WORK TO COMPLETE »
Each line of the entries below that holds "Lutheran" is needed, copied in full.
(INPUT FOR THIS TASK begins)
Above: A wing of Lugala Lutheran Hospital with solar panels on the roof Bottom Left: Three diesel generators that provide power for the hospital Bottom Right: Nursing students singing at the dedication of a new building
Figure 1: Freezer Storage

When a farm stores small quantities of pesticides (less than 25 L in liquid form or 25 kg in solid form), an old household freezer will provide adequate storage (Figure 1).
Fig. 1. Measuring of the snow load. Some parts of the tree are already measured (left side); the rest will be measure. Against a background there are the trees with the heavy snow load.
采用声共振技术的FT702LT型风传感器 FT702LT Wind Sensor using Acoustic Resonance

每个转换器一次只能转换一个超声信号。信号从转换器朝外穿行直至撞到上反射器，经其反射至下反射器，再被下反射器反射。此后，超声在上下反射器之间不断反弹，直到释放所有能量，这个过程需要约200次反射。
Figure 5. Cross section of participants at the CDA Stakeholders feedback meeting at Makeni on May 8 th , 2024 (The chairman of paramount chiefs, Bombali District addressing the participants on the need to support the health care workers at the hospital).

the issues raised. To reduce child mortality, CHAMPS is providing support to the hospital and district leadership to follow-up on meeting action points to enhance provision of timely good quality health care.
(INPUT FOR THIS TASK ends)
(INPUT FOR THIS TASK begins)
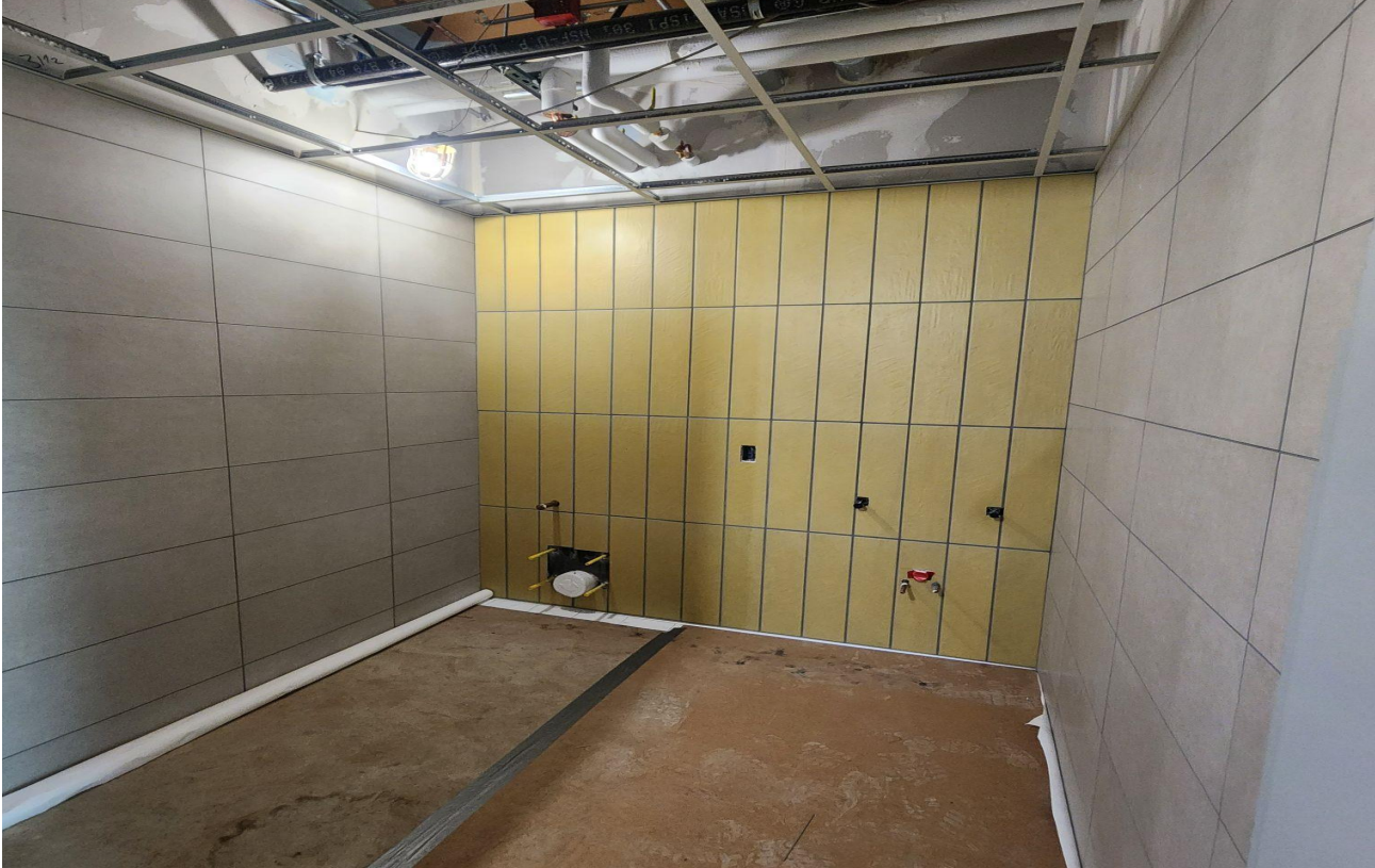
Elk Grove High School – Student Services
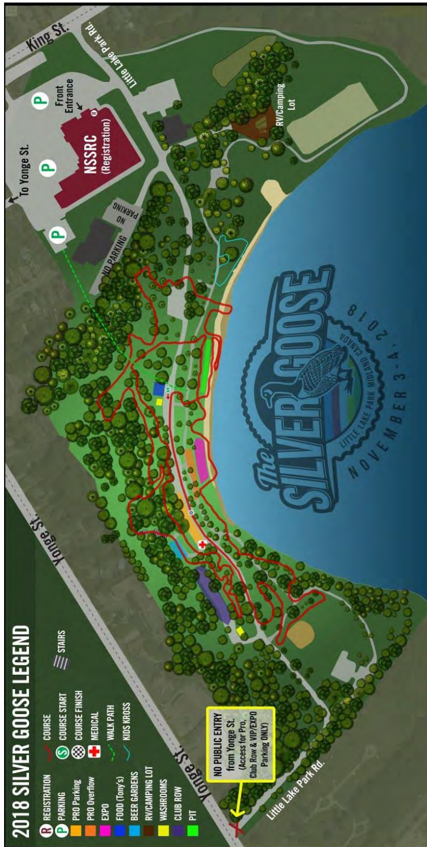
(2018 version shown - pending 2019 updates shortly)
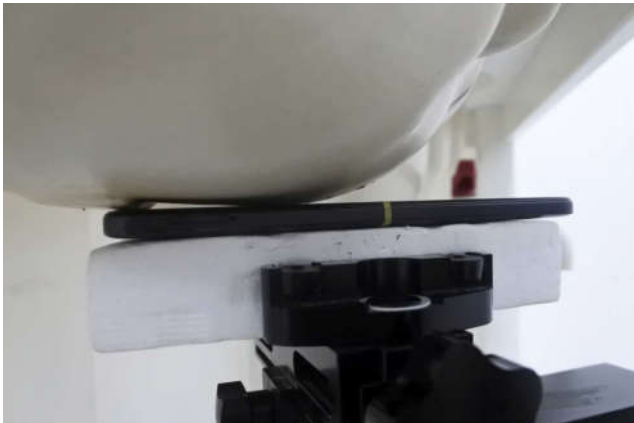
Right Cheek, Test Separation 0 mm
(INPUT FOR THIS TASK ends)
(INPUT FOR THIS TASK begins)
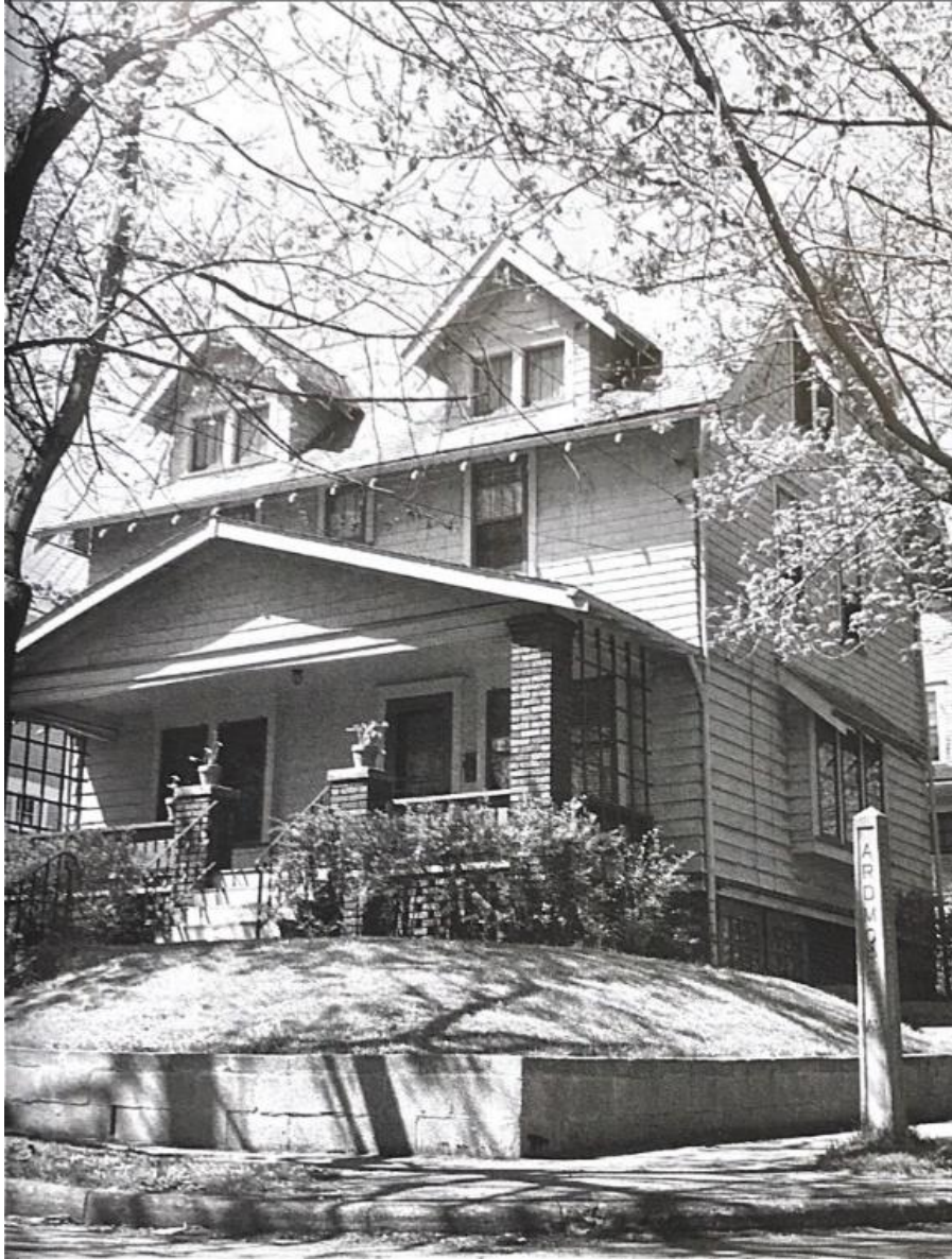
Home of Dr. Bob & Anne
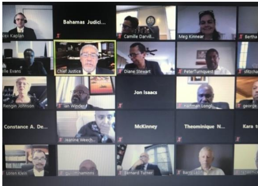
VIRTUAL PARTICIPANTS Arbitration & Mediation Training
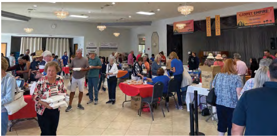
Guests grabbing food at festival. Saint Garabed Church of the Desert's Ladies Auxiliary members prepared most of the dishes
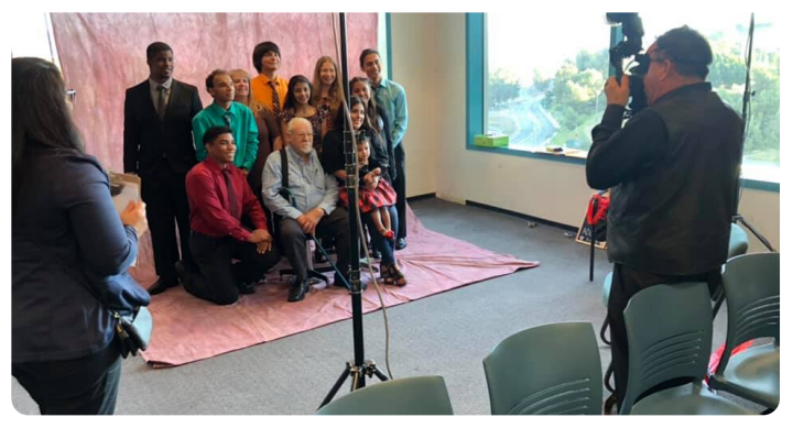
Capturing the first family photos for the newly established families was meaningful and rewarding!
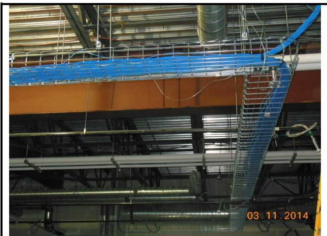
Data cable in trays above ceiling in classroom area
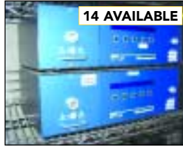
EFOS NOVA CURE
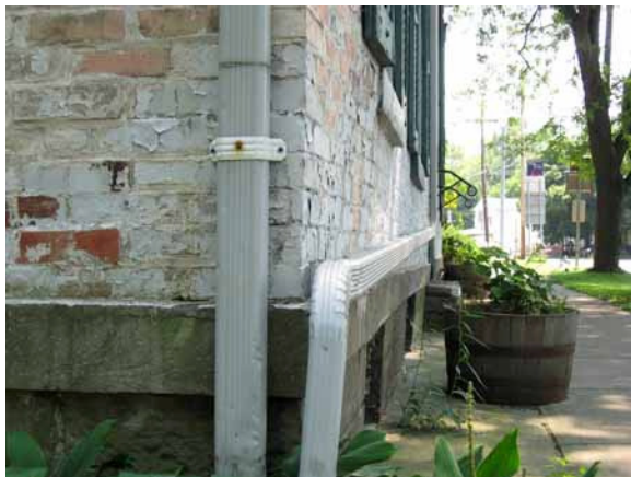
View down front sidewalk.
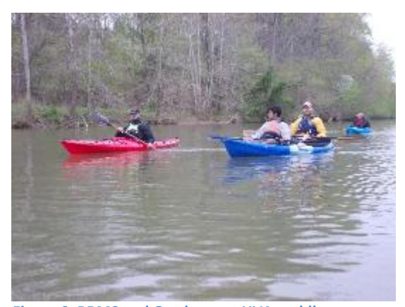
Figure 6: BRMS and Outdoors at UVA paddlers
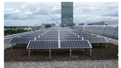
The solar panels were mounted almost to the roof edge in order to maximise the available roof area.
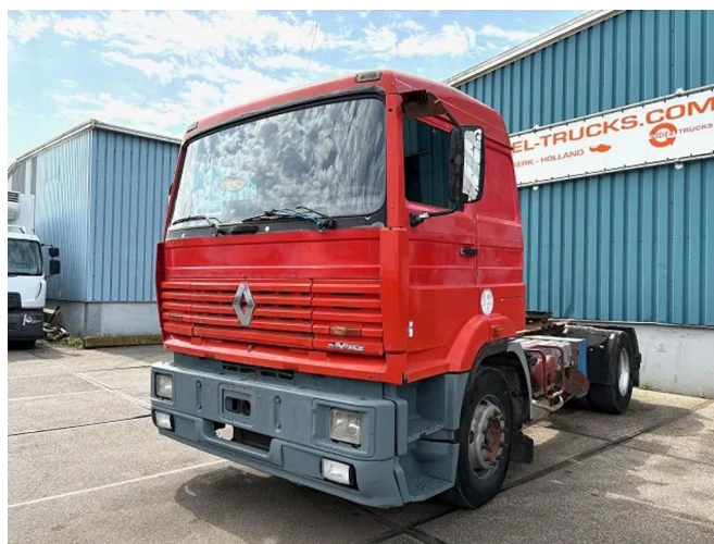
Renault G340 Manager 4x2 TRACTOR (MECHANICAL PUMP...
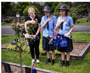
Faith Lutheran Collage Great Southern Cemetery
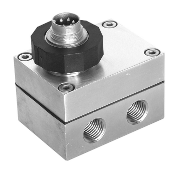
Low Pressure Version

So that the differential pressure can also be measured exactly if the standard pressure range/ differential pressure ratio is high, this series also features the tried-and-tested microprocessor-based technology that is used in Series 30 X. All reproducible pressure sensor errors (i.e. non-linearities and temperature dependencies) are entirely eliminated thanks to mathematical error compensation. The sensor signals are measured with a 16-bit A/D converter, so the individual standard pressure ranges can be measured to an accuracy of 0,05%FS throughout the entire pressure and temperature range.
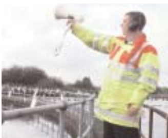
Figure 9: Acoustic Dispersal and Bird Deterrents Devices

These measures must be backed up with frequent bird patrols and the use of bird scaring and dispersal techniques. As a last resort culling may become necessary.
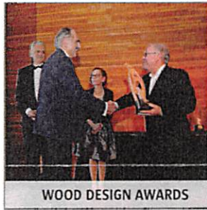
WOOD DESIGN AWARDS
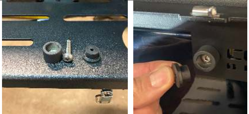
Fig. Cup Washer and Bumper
(INPUT FOR THIS TASK ends)
RESPONSE »
Above: A wing of Lugala Lutheran Hospital with solar panels on the roof Bottom Left: Three diesel generators that provide power for the hospital Bottom Right: Nursing students singing at the dedication of a new building
Faith Lutheran Collage Great Southern Cemetery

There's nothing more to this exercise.